*** DATASET EXTRACT Section Begins ***

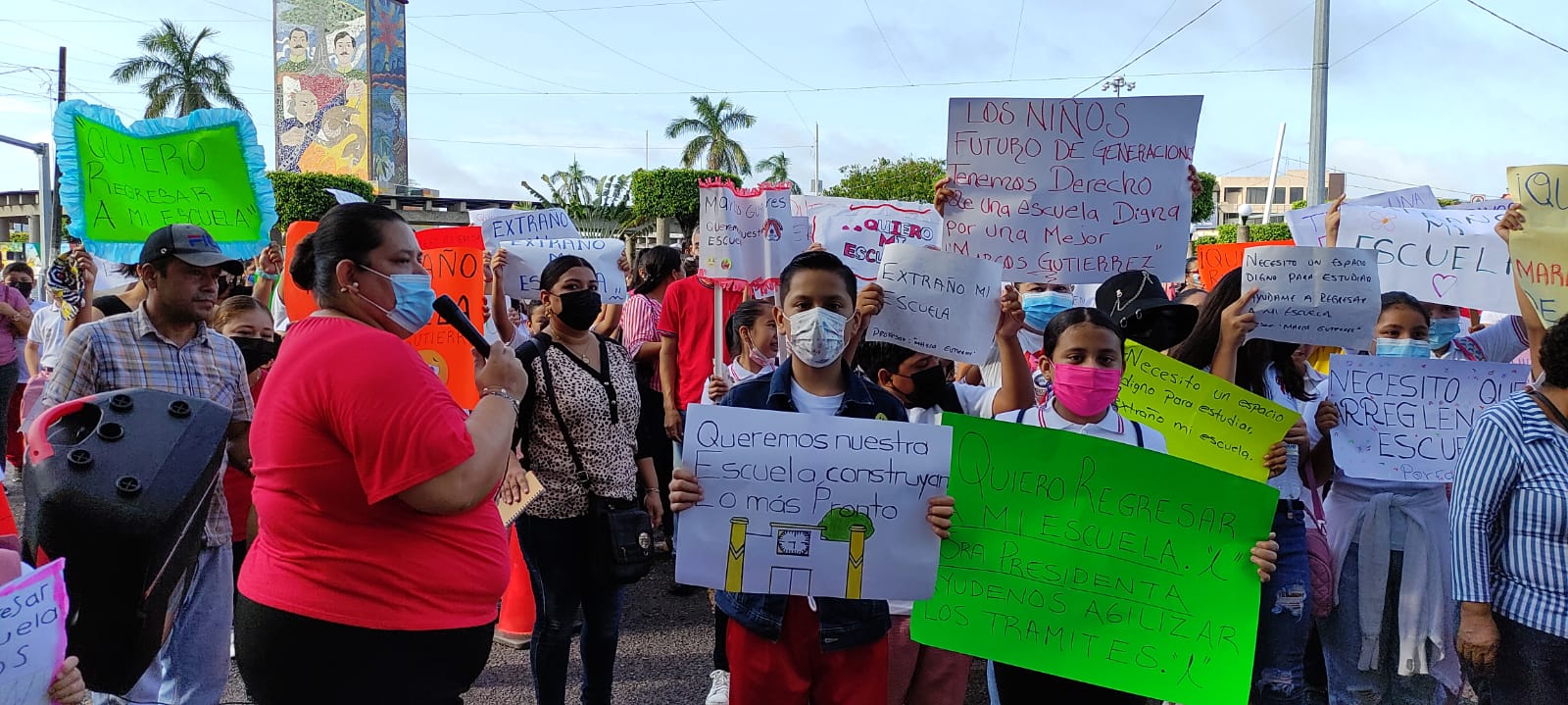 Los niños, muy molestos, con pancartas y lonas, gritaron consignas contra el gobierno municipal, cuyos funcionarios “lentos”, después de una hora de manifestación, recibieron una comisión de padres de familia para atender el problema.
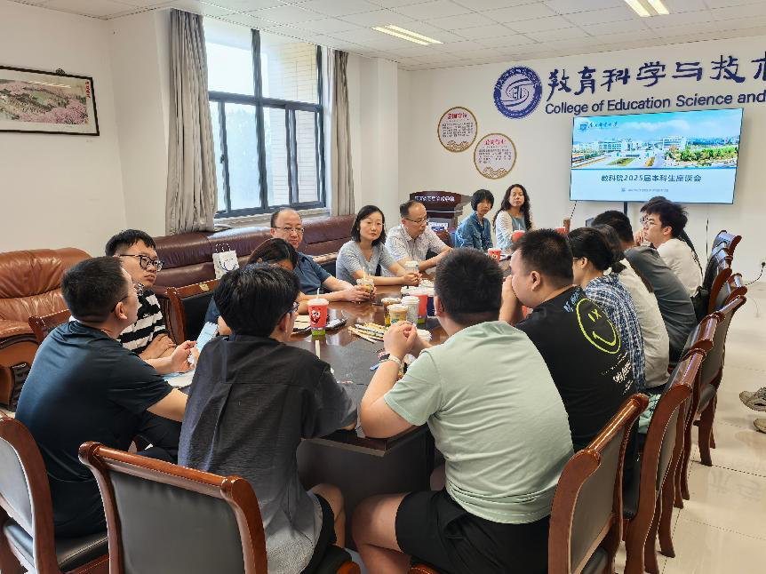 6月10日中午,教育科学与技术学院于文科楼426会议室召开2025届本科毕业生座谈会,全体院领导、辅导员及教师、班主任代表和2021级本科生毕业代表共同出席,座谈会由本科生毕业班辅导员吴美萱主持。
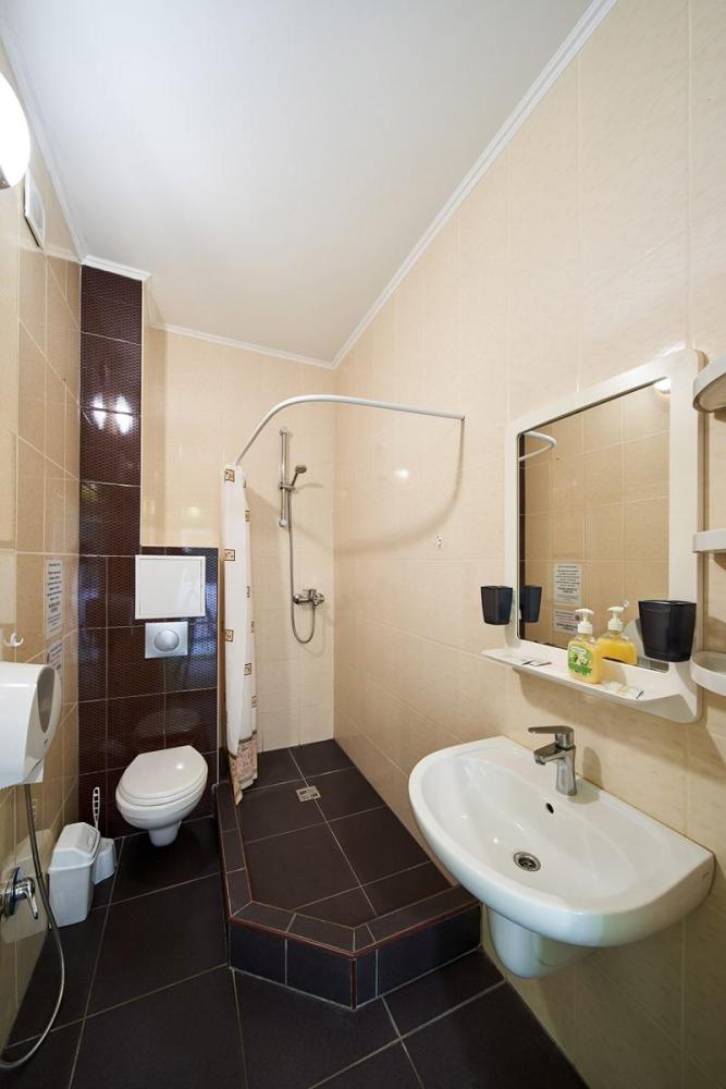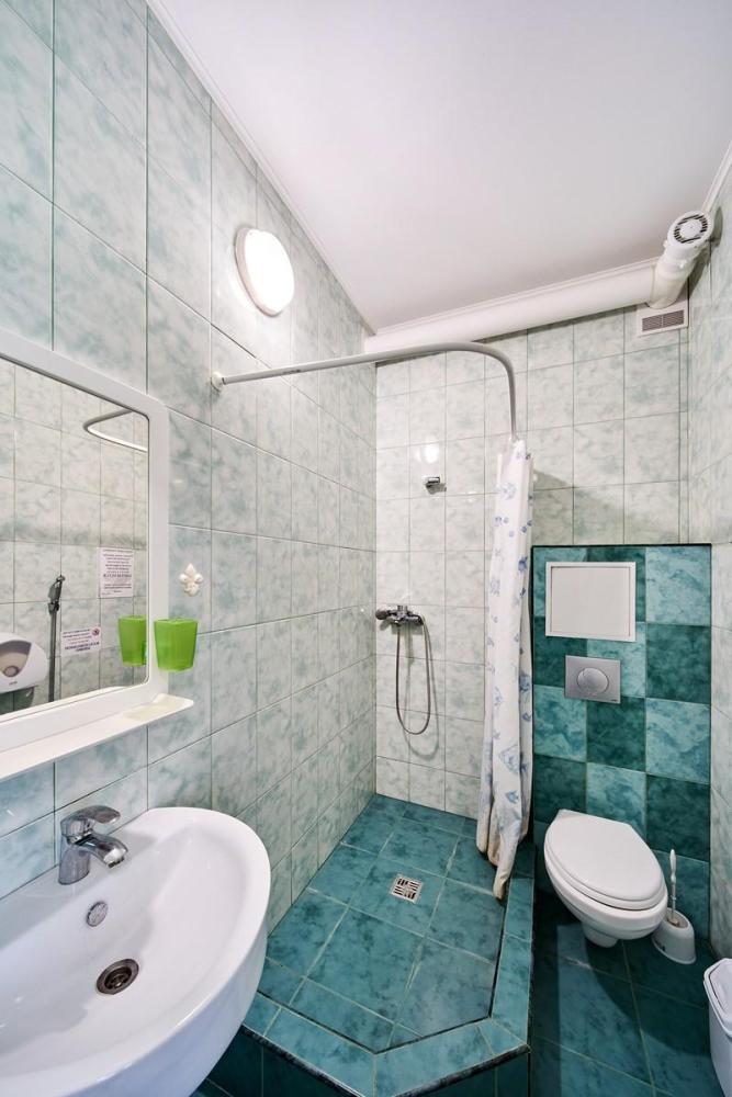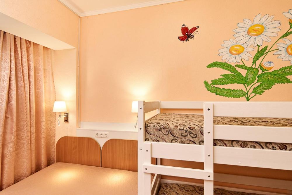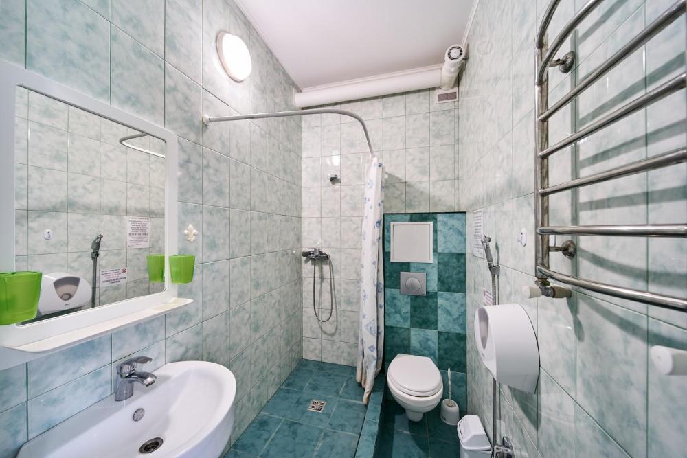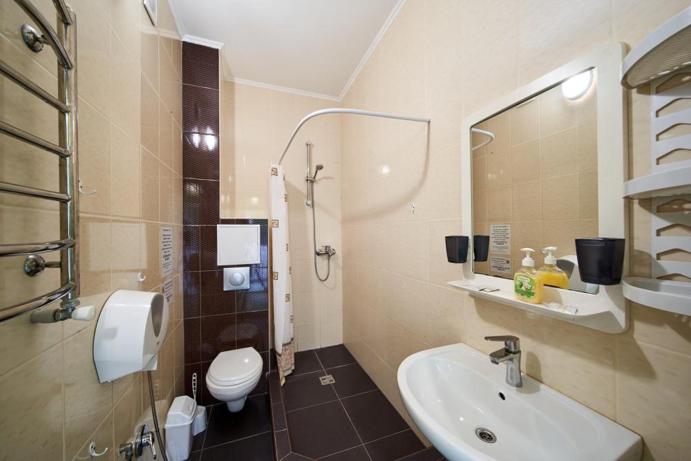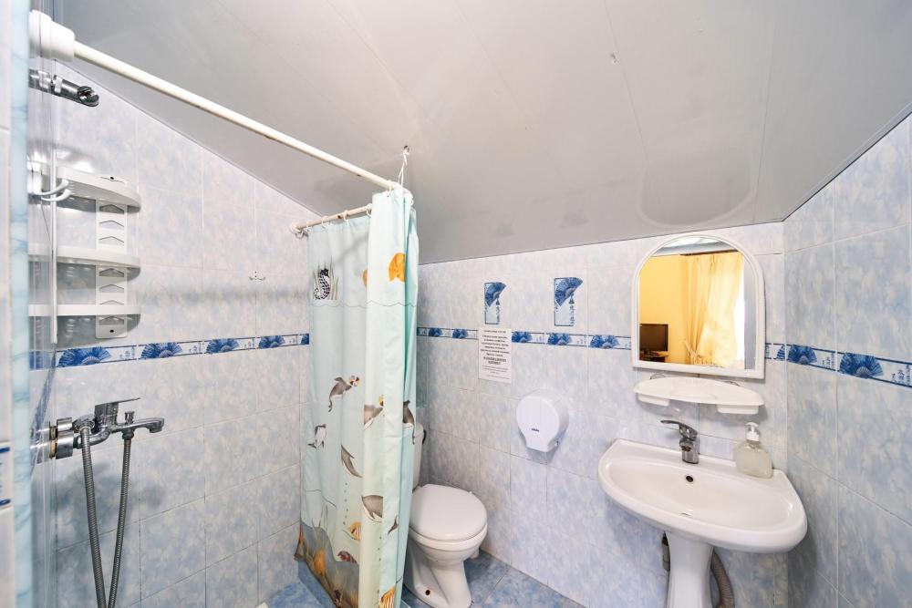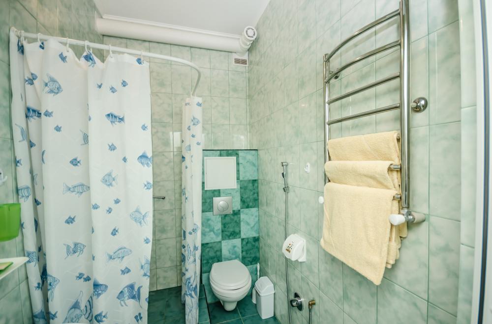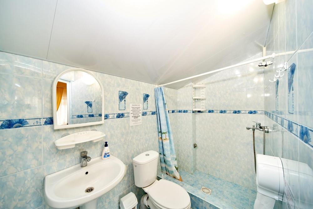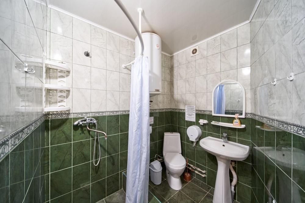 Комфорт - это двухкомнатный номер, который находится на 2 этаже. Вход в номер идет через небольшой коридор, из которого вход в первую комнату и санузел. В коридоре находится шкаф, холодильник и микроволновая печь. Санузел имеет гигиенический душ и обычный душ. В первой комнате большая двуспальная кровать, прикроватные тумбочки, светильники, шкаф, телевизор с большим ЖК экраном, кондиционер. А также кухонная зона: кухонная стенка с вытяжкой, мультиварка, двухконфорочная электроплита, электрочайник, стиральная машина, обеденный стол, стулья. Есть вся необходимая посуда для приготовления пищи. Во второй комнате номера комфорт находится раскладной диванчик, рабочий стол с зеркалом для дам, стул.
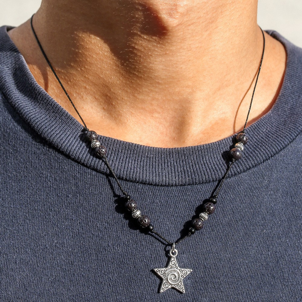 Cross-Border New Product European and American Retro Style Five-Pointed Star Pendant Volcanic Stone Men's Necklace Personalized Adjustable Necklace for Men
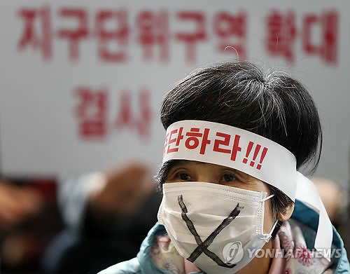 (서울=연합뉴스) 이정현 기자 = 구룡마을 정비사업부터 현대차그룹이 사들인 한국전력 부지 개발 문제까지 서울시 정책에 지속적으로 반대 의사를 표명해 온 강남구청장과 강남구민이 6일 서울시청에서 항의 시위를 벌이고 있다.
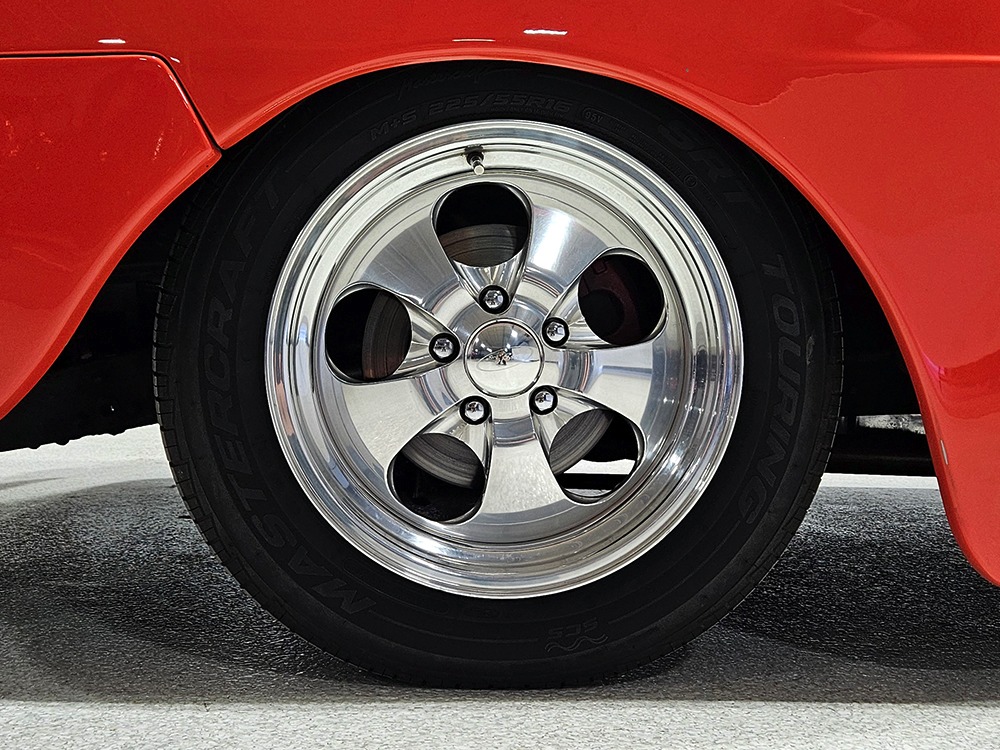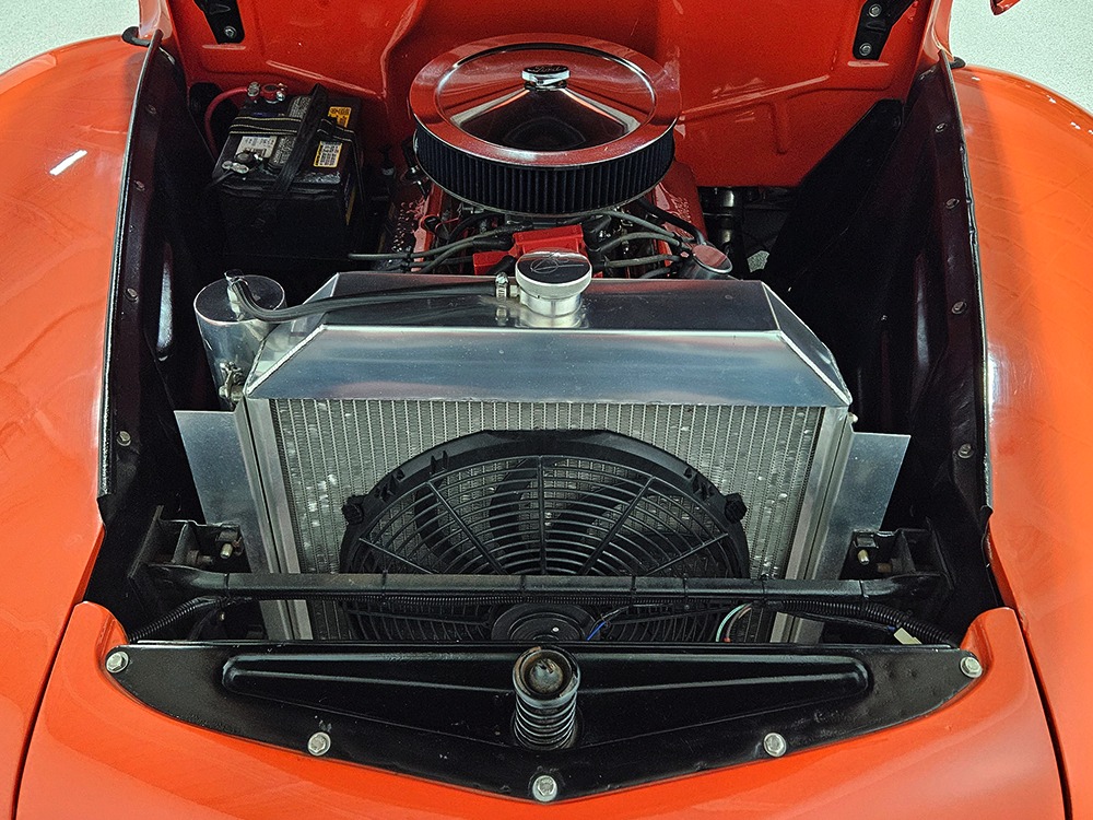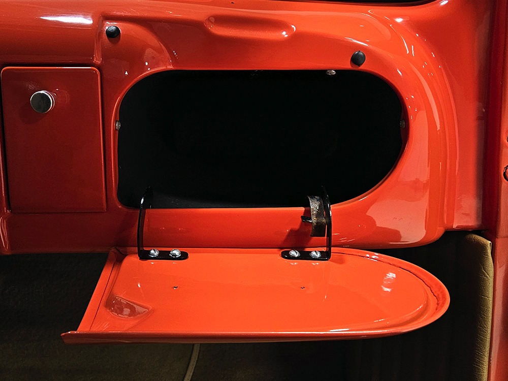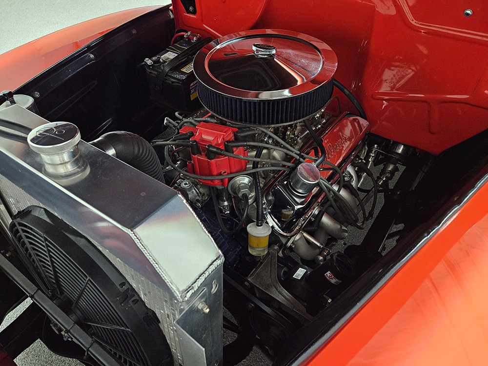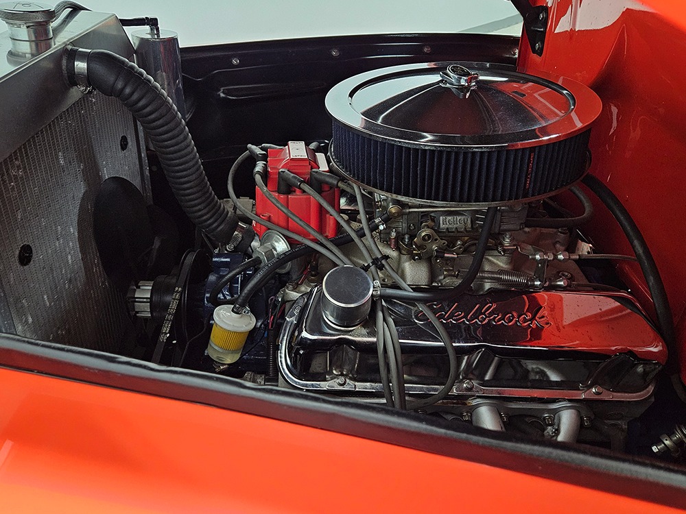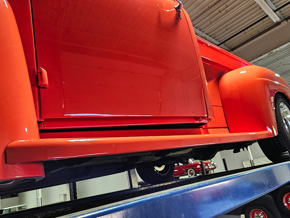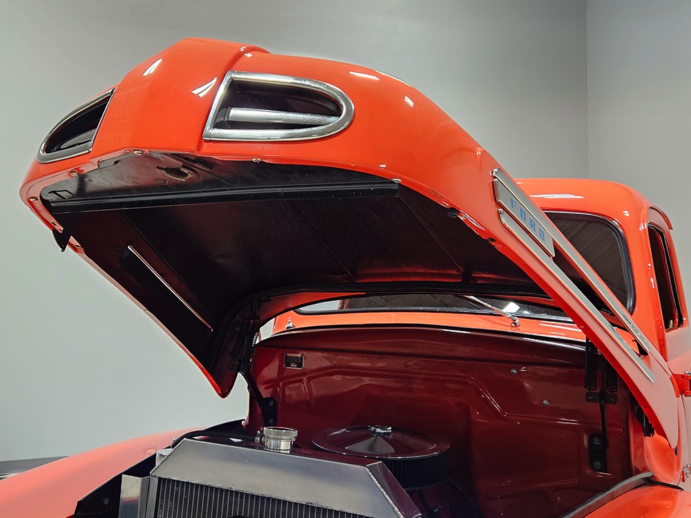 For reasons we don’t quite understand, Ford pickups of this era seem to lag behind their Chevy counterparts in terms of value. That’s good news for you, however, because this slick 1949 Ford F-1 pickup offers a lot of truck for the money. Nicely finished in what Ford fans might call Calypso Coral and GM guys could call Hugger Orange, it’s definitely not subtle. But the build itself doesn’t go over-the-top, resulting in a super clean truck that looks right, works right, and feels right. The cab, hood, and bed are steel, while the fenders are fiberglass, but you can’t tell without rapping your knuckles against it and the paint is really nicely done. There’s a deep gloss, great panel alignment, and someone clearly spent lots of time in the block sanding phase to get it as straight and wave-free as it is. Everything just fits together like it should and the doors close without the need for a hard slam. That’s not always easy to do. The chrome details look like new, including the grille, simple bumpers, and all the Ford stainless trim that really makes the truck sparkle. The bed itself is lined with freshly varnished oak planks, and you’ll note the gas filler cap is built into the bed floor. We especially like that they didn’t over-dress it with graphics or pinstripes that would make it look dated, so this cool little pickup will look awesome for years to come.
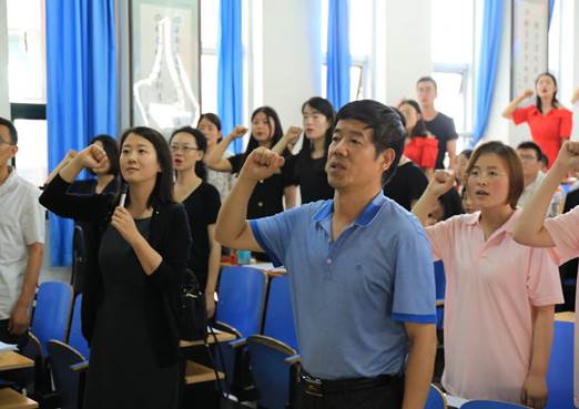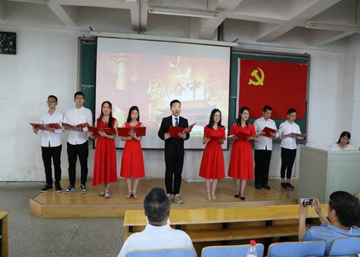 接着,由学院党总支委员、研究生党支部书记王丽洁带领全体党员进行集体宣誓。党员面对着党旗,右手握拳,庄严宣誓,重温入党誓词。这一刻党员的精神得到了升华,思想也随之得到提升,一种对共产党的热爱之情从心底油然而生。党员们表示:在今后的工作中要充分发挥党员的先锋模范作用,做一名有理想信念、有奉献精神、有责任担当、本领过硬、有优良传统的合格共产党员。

*** DATASET EXTRACT Section Ends ***

PROBLEM DESCRIPTION - Produce the lines from the first line of the entries through the line that contains "6月10日中午,教育科学与技", exactly, leaving the pictures behind.

WRITTEN SOLUTION -
 Los niños, muy molestos, con pancartas y lonas, gritaron consignas contra el gobierno municipal, cuyos funcionarios “lentos”, después de una hora de manifestación, recibieron una comisión de padres de familia para atender el problema.
 6月10日中午,教育科学与技术学院于文科楼426会议室召开2025届本科毕业生座谈会,全体院领导、辅导员及教师、班主任代表和2021级本科生毕业代表共同出席,座谈会由本科生毕业班辅导员吴美萱主持。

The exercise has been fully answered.